* **What the exercise asks**
With the pictures left out, write out exactly the lines of the listing below that run from the line with "外國參展嘉賓 :我覺得貴州的" through the line with "レディース ワンピース ドレス".

* **Dataset excerpts**
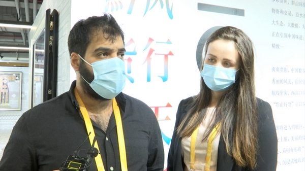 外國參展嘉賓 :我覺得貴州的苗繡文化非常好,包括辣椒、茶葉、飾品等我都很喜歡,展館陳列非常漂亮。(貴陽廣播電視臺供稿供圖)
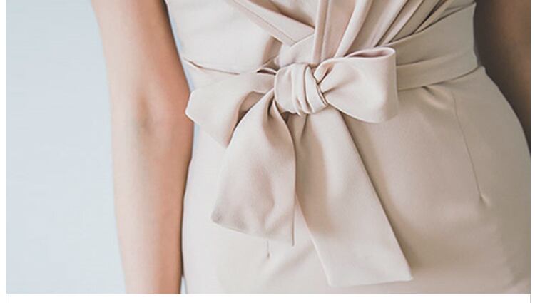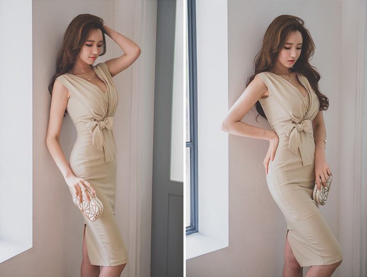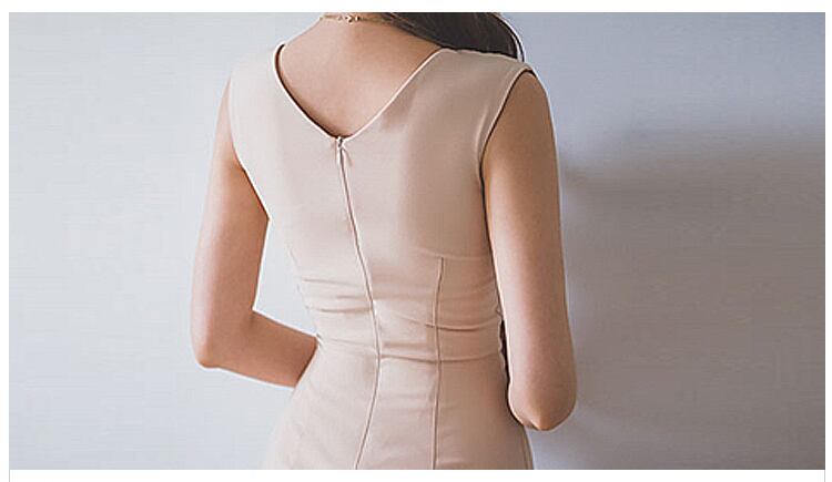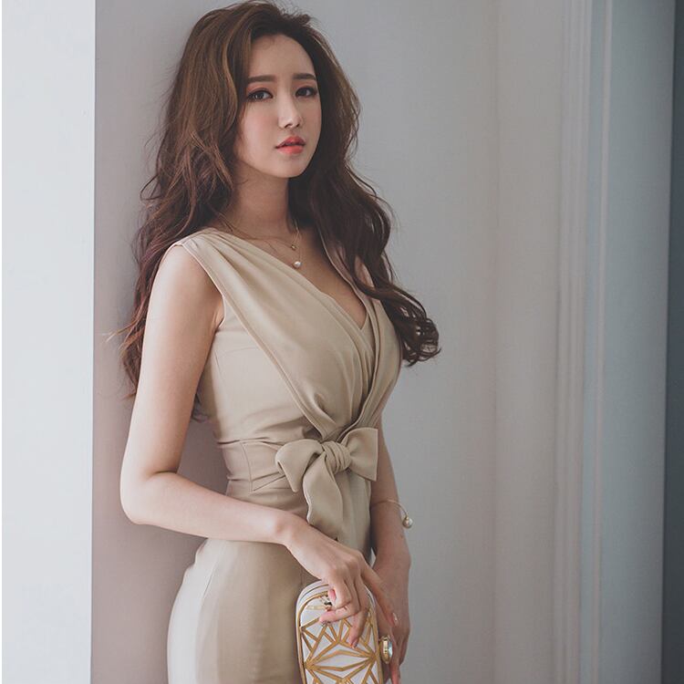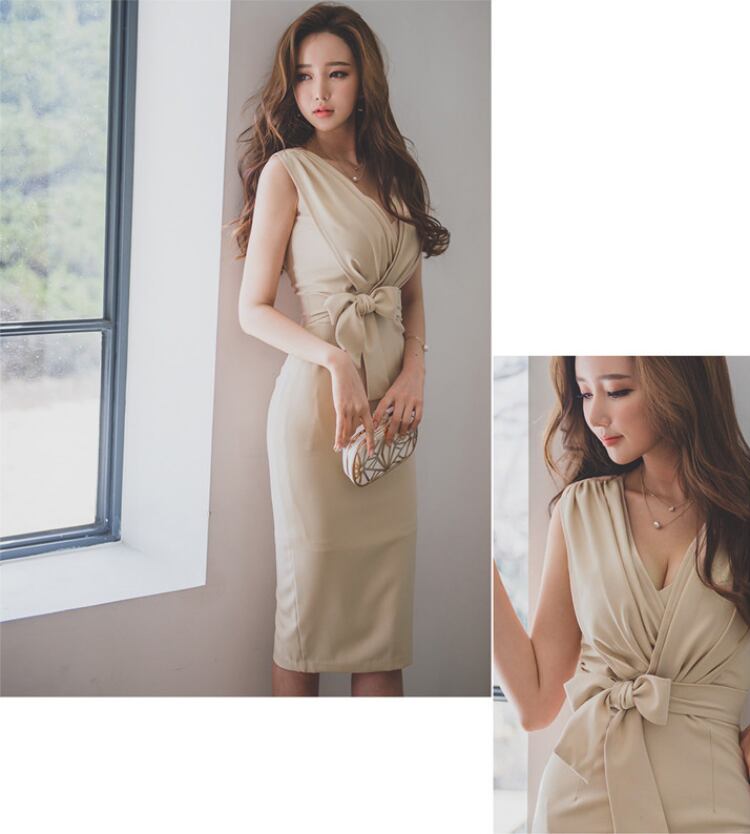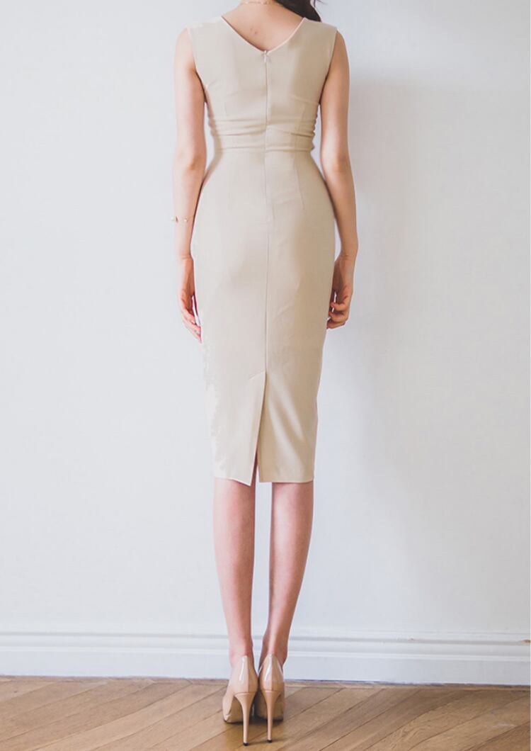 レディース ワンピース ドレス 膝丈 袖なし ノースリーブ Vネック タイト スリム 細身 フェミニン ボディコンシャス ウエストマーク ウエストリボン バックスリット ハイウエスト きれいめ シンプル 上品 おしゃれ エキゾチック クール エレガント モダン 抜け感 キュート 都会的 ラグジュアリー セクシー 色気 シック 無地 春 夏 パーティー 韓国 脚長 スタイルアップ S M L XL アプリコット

---

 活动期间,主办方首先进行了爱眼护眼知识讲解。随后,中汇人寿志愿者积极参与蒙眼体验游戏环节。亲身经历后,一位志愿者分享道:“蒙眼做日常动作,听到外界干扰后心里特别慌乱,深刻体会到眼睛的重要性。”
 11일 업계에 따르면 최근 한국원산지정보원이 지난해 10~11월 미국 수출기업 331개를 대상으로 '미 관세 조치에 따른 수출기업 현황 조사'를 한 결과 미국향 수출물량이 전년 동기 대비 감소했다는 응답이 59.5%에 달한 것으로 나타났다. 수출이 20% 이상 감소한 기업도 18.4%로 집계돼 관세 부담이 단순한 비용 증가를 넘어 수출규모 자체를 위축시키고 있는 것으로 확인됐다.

* * *

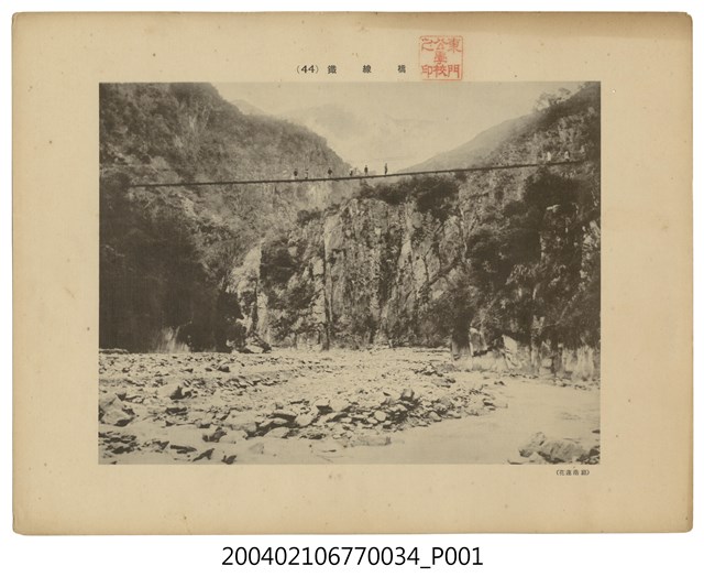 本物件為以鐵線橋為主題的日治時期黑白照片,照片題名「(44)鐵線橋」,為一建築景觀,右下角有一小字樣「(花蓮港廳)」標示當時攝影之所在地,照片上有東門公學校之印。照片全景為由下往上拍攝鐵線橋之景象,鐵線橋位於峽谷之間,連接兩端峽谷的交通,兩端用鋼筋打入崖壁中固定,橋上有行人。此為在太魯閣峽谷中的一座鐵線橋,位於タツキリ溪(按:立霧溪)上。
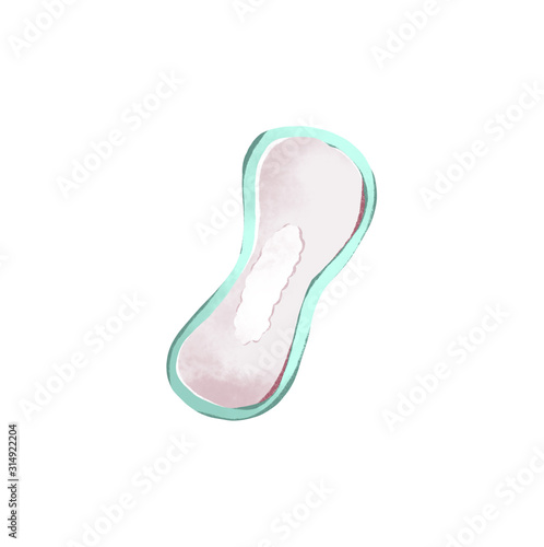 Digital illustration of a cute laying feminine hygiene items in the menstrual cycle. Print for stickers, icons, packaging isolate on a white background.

* **Finished exercise**
 外國參展嘉賓 :我覺得貴州的苗繡文化非常好,包括辣椒、茶葉、飾品等我都很喜歡,展館陳列非常漂亮。(貴陽廣播電視臺供稿供圖)
 レディース ワンピース ドレス 膝丈 袖なし ノースリーブ Vネック タイト スリム 細身 フェミニン ボディコンシャス ウエストマーク ウエストリボン バックスリット ハイウエスト きれいめ シンプル 上品 おしゃれ エキゾチック クール エレガント モダン 抜け感 キュート 都会的 ラグジュアリー セクシー 色気 シック 無地 春 夏 パーティー 韓国 脚長 スタイルアップ S M L XL アプリコット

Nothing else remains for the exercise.